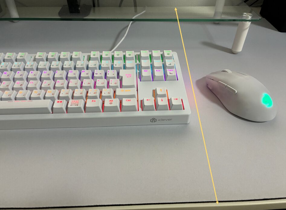 デスク幅に関連して奥行きについても気にしておきたいポイント。インテリアとして販売されているデスクの多くは奥行きが45cm程度しかないことも少なくありません。ゲーミングモニターのスタンドはがっちりとした安定感のある大きな台座であることもあり、ゲーミングマウスを十分に動かせる面積を確保しようとなると、60cm以上の奥行きのデスクを探すのが賢明です。最近は70cmの奥行きの大型デスクも多いので、デスクの上に置きたいものを考えてみて、ゆとりのある奥行きを選びましょう。
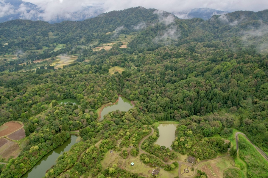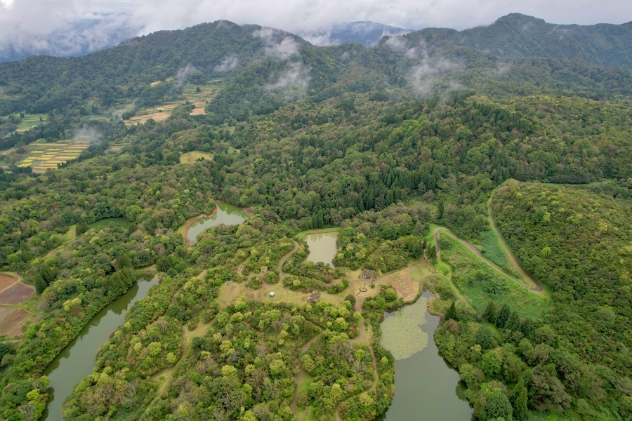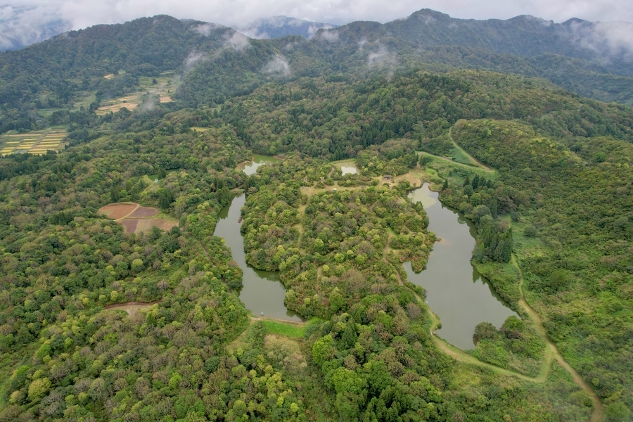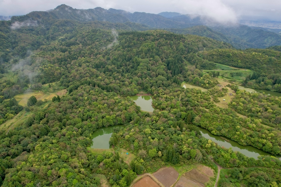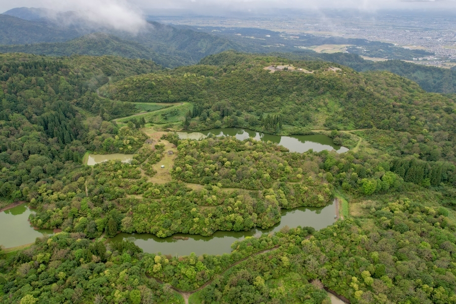 長岡市八方台いこいの森というキャンプ場の借景要素になっている池が山の中腹に肩を寄せ合っている。柳市池、柳池、長池ともうひとつの池の合わせて四つ。
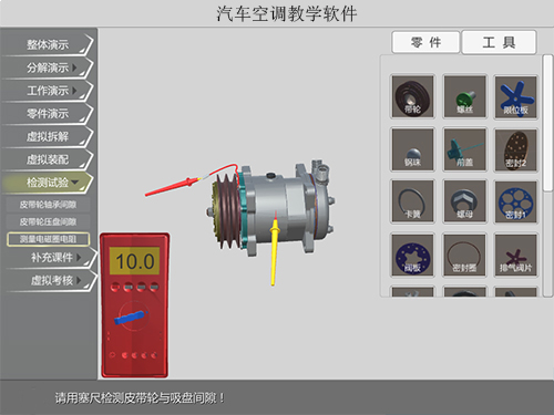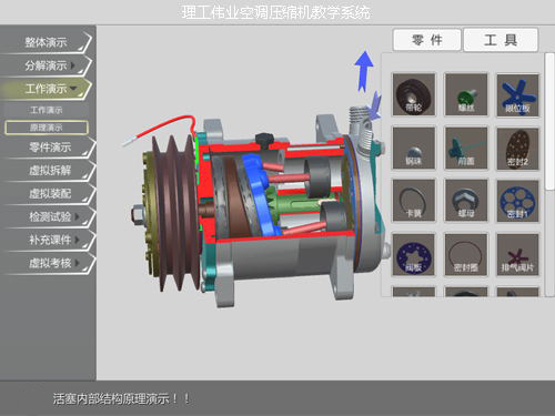 空調(diào)壓縮機(jī)虛擬仿真教學(xué)系統(tǒng) 選用空調(diào)壓縮機(jī)的實(shí)物進(jìn)行1:1的建模,從各大院校對(duì)汽車空調(diào)壓縮機(jī)的教學(xué)要求出發(fā),采用三維仿真教學(xué)風(fēng)格,空調(diào)壓縮機(jī)可以在虛擬仿真...
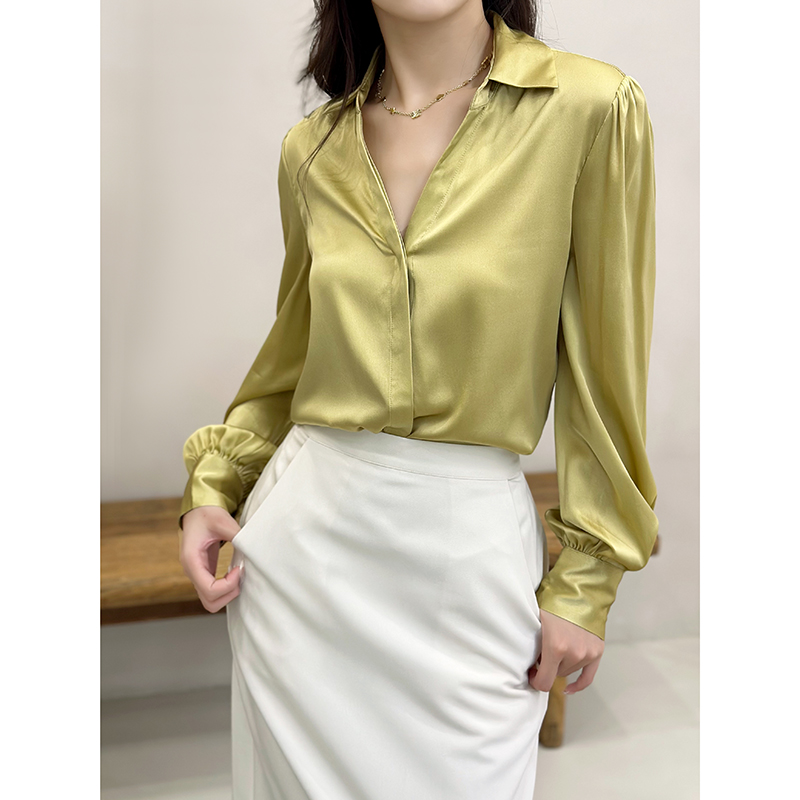 重磅真丝缎长袖衬衫女 夏季新款复古洋气通勤V领弹力缎桑蚕丝衬衣
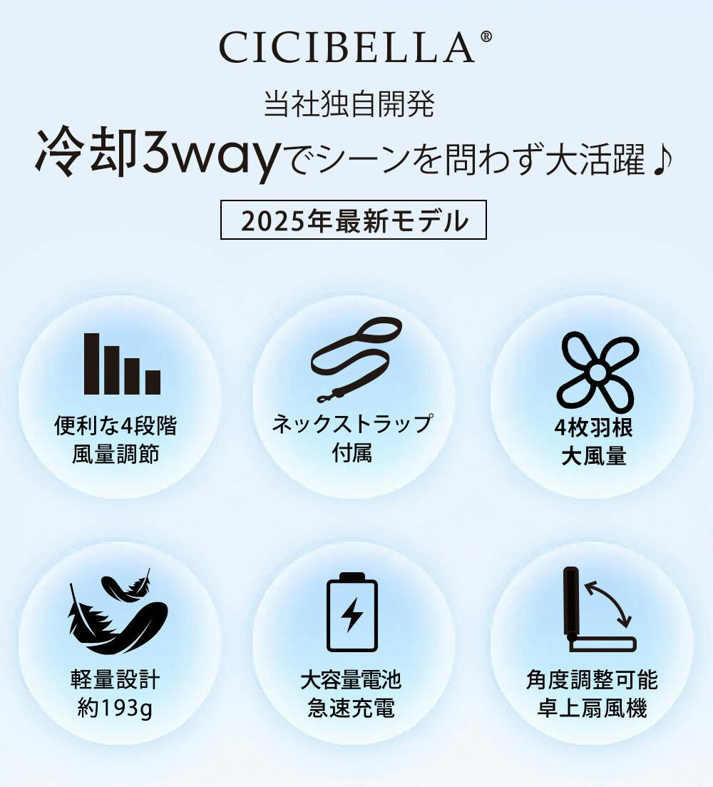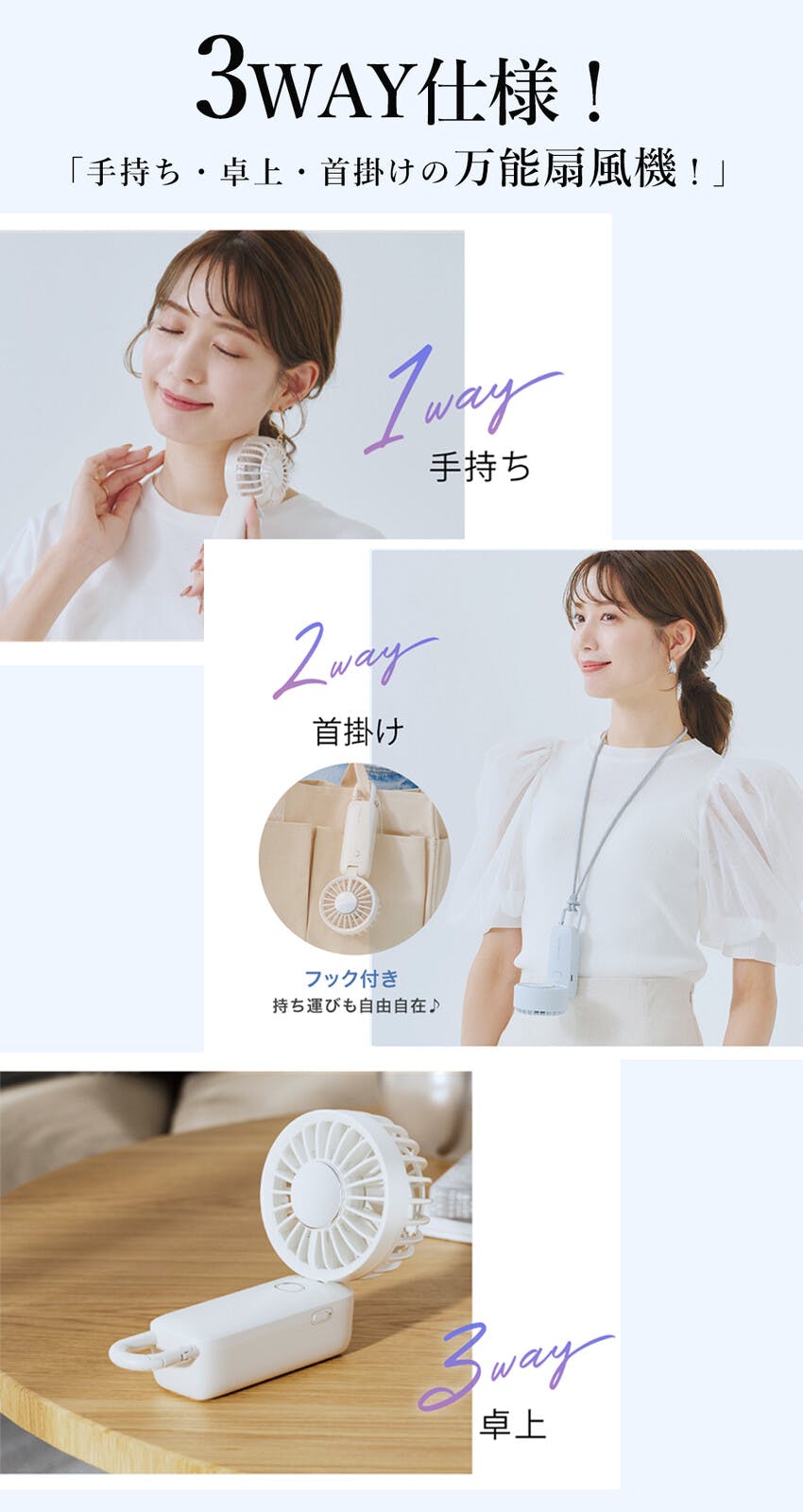 1台3役!首かけ・手持ち・卓上!超軽量&静音設計 で、どこでも快適に涼める万能冷却ハンディファン!持ち運びラクラクな193gの軽量設計風量は4段階調整可能で、シーンに合わせてお好みの風を♪さらに、静音設計&USB充電対応 だからオフィスや寝室でも快適に使えます!
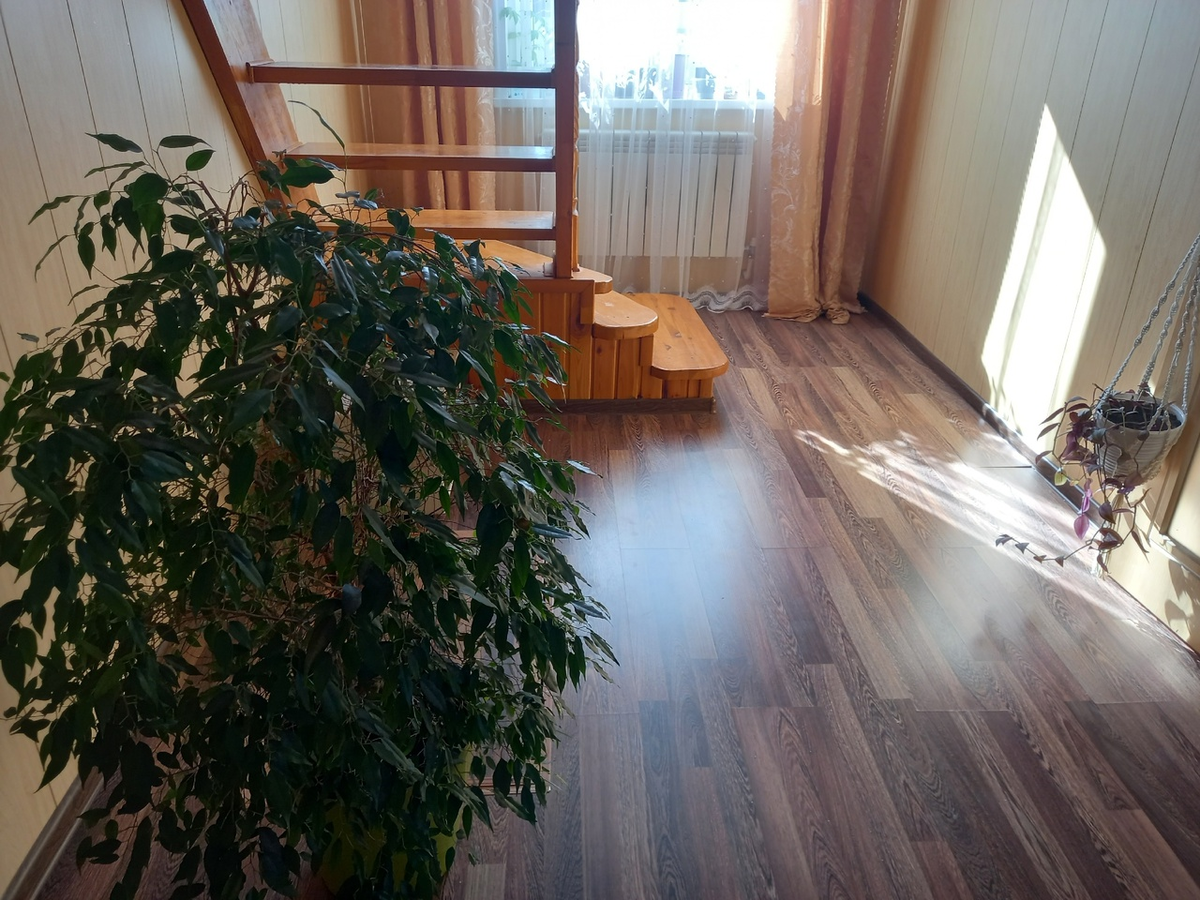 Балкон является настоящим раем для растений. Здесь — простор, два больших окна и всё необходимое для комфортного роста. Цветы располагаются не только на полу, но и в подвесных кашпо, создавая невероятный ландшафт. Фикус Валера, самый крупный гость с высотой почти полтора метра, занимает почетное место у стены. Есть еще и калла, которая перед выходом на улицу теряет лишнюю тяжесть, ведь её листья часто ломаются зимой.
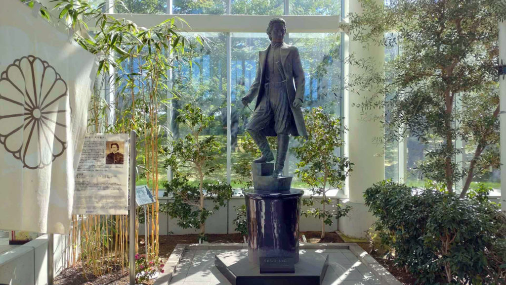 土方さんの像。椅子に座ってくつろいでいます。
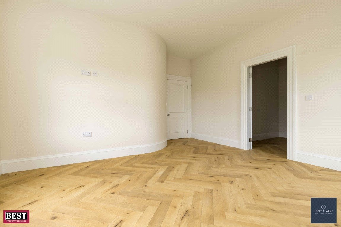 Dual aspect, curved wall, Herringbone style flooring, electrical socket, raised TV point.
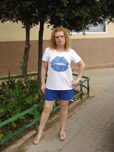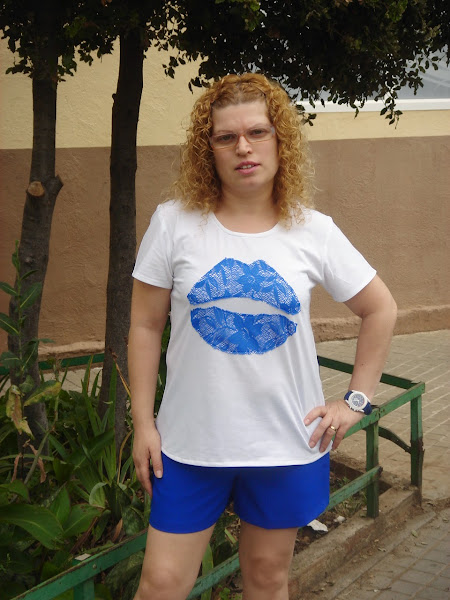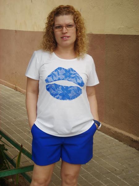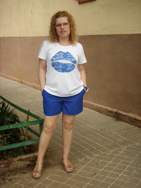 Si os habeis dado cuneta el aplique es un resto del top de guipur que lo he aprovechado para este modelo y el color le viene al pelo a este short de color azul electrico que hize el verano pasado y que podeis ver AQUI.
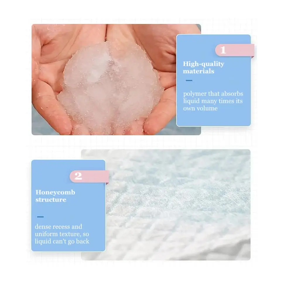 5 Layers of Protection: 1. Non-woven Fabric – soft and breathable for your pet’s comfort. 2. Tissue Paper – adds an extra layer of absorbency. 3. Fluff Pulp & Super Absorbent Polymer – locks in moisture effectively. 4. Tissue Paper – enhances absorbency further. 5. Waterproof PE Film – provides a reliable barrier against leaks.
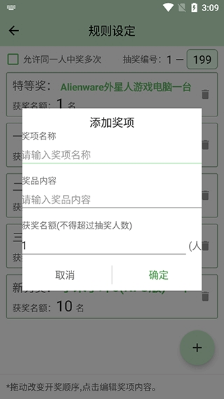 2、支持多种抽奖模式,可抽单人、多名或设置特殊中奖条件。
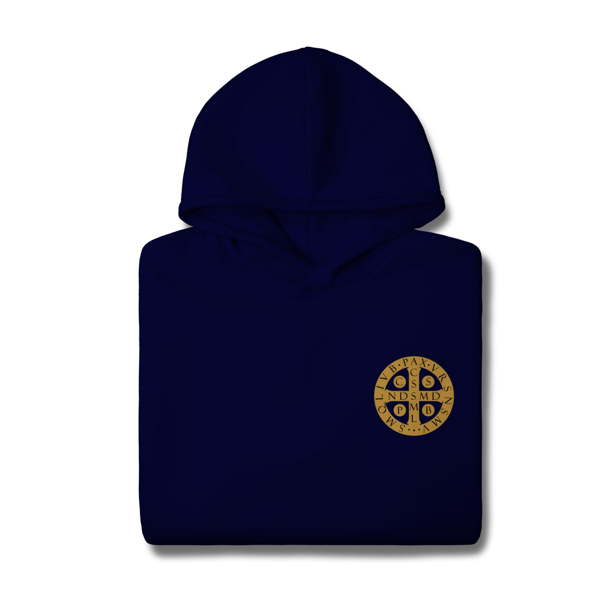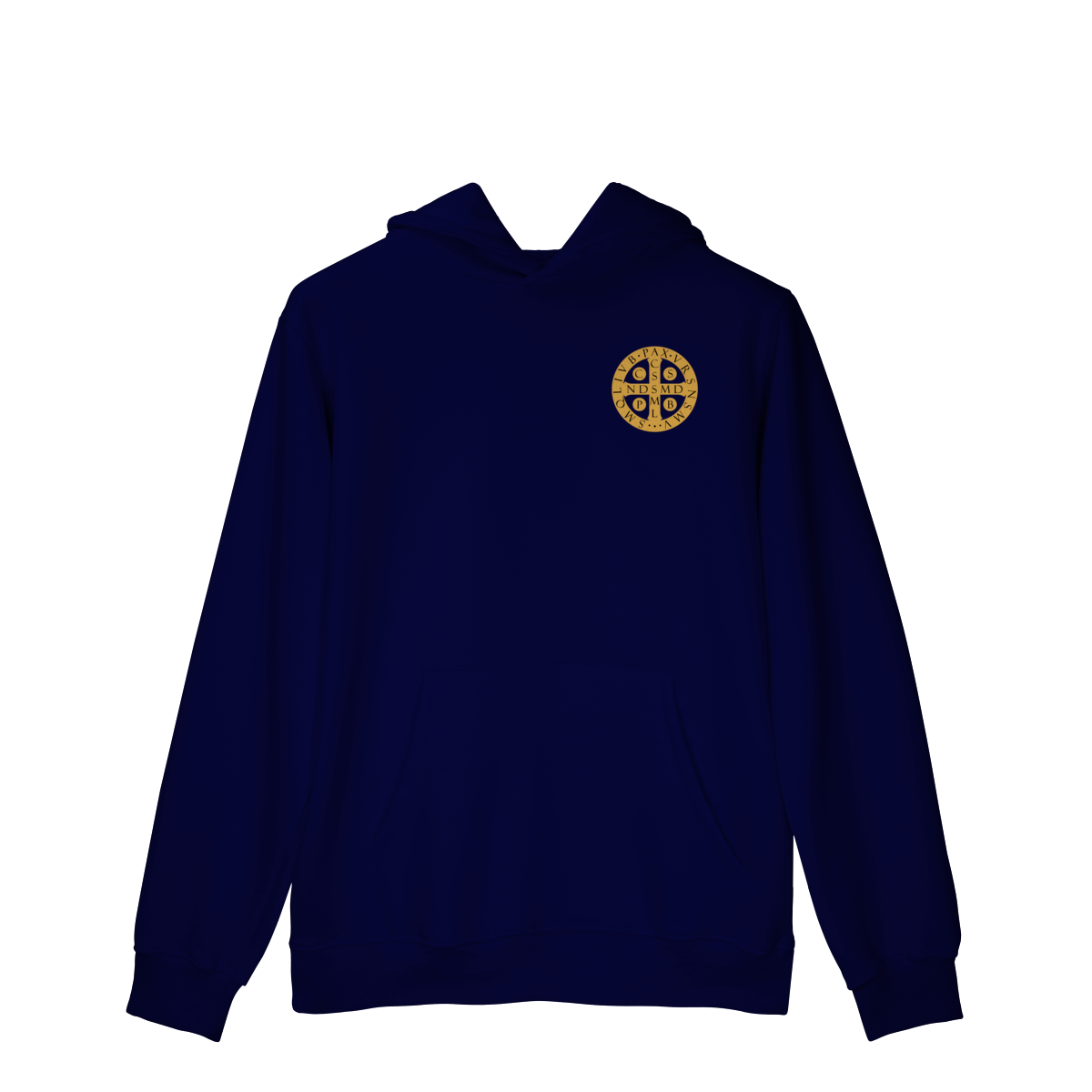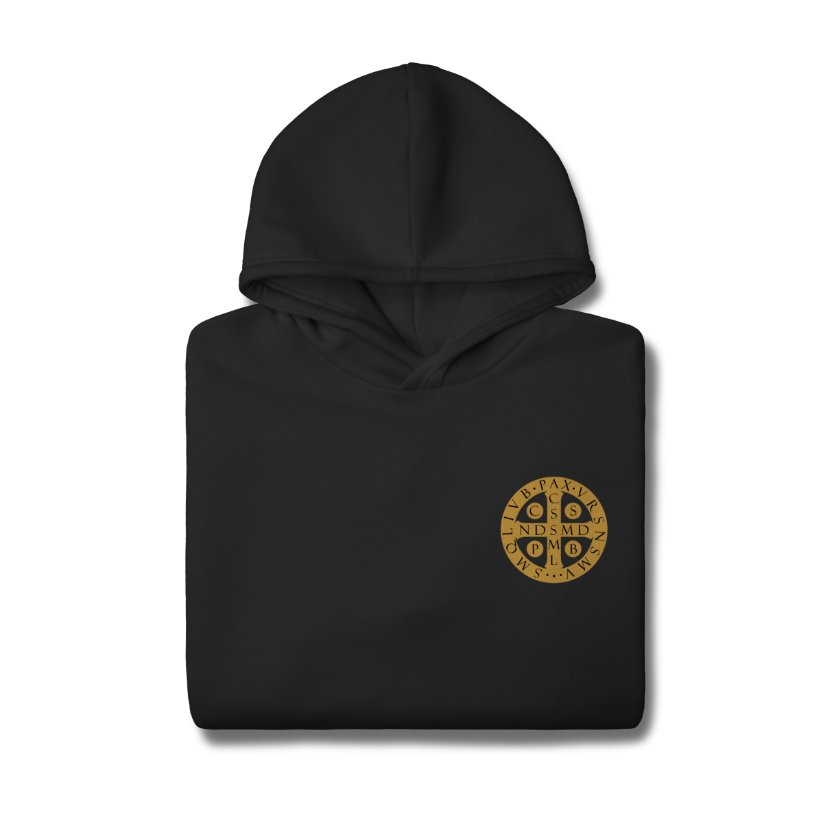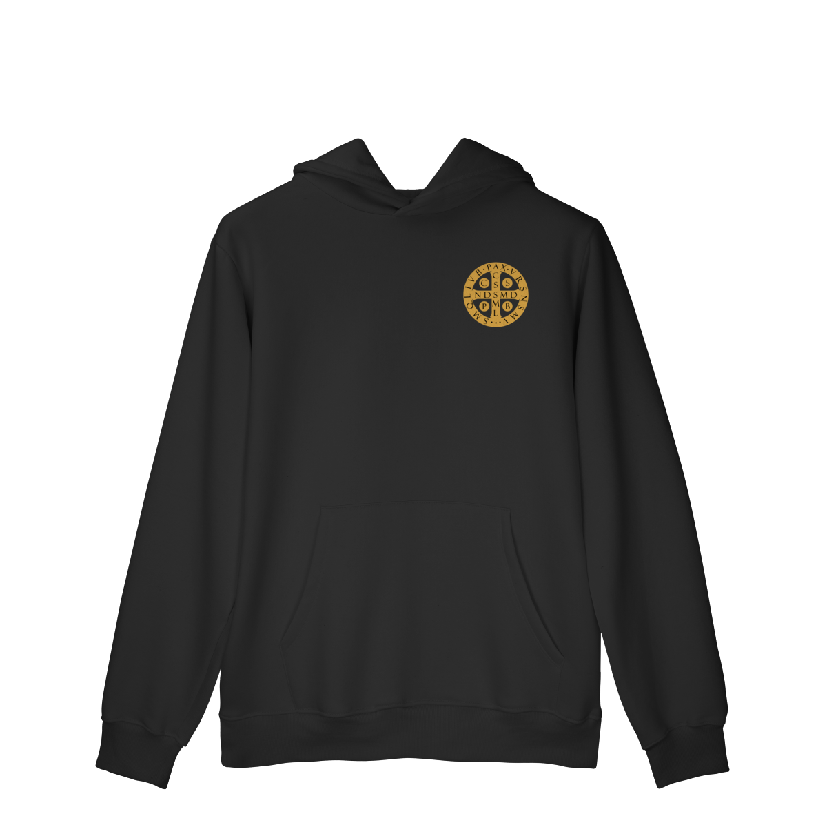 São Bento de Núrsia (480-547) propunha um tripé na vida dos monges: “Ora et labora et legere”: que podemos traduzir por “reze, trabalhe e estude”. Na frente do moletom, temos a Medalha de São Bento. Na cor capim dourado.
::::::::::
> _Task instructions_: Whatever pictures the entries contain, omit them, and write the rest out exactly.

> _Result for this task_:
 デスク幅に関連して奥行きについても気にしておきたいポイント。インテリアとして販売されているデスクの多くは奥行きが45cm程度しかないことも少なくありません。ゲーミングモニターのスタンドはがっちりとした安定感のある大きな台座であることもあり、ゲーミングマウスを十分に動かせる面積を確保しようとなると、60cm以上の奥行きのデスクを探すのが賢明です。最近は70cmの奥行きの大型デスクも多いので、デスクの上に置きたいものを考えてみて、ゆとりのある奥行きを選びましょう。
 長岡市八方台いこいの森というキャンプ場の借景要素になっている池が山の中腹に肩を寄せ合っている。柳市池、柳池、長池ともうひとつの池の合わせて四つ。
 空調(diào)壓縮機(jī)虛擬仿真教學(xué)系統(tǒng) 選用空調(diào)壓縮機(jī)的實(shí)物進(jìn)行1:1的建模,從各大院校對(duì)汽車空調(diào)壓縮機(jī)的教學(xué)要求出發(fā),采用三維仿真教學(xué)風(fēng)格,空調(diào)壓縮機(jī)可以在虛擬仿真...
 重磅真丝缎长袖衬衫女 夏季新款复古洋气通勤V领弹力缎桑蚕丝衬衣
 1台3役!首かけ・手持ち・卓上!超軽量&静音設計 で、どこでも快適に涼める万能冷却ハンディファン!持ち運びラクラクな193gの軽量設計風量は4段階調整可能で、シーンに合わせてお好みの風を♪さらに、静音設計&USB充電対応 だからオフィスや寝室でも快適に使えます!
 Балкон является настоящим раем для растений. Здесь — простор, два больших окна и всё необходимое для комфортного роста. Цветы располагаются не только на полу, но и в подвесных кашпо, создавая невероятный ландшафт. Фикус Валера, самый крупный гость с высотой почти полтора метра, занимает почетное место у стены. Есть еще и калла, которая перед выходом на улицу теряет лишнюю тяжесть, ведь её листья часто ломаются зимой.
 土方さんの像。椅子に座ってくつろいでいます。
 Dual aspect, curved wall, Herringbone style flooring, electrical socket, raised TV point.
 Si os habeis dado cuneta el aplique es un resto del top de guipur que lo he aprovechado para este modelo y el color le viene al pelo a este short de color azul electrico que hize el verano pasado y que podeis ver AQUI.
 5 Layers of Protection: 1. Non-woven Fabric – soft and breathable for your pet’s comfort. 2. Tissue Paper – adds an extra layer of absorbency. 3. Fluff Pulp & Super Absorbent Polymer – locks in moisture effectively. 4. Tissue Paper – enhances absorbency further. 5. Waterproof PE Film – provides a reliable barrier against leaks.
 2、支持多种抽奖模式,可抽单人、多名或设置特殊中奖条件。
 São Bento de Núrsia (480-547) propunha um tripé na vida dos monges: “Ora et labora et legere”: que podemos traduzir por “reze, trabalhe e estude”. Na frente do moletom, temos a Medalha de São Bento. Na cor capim dourado.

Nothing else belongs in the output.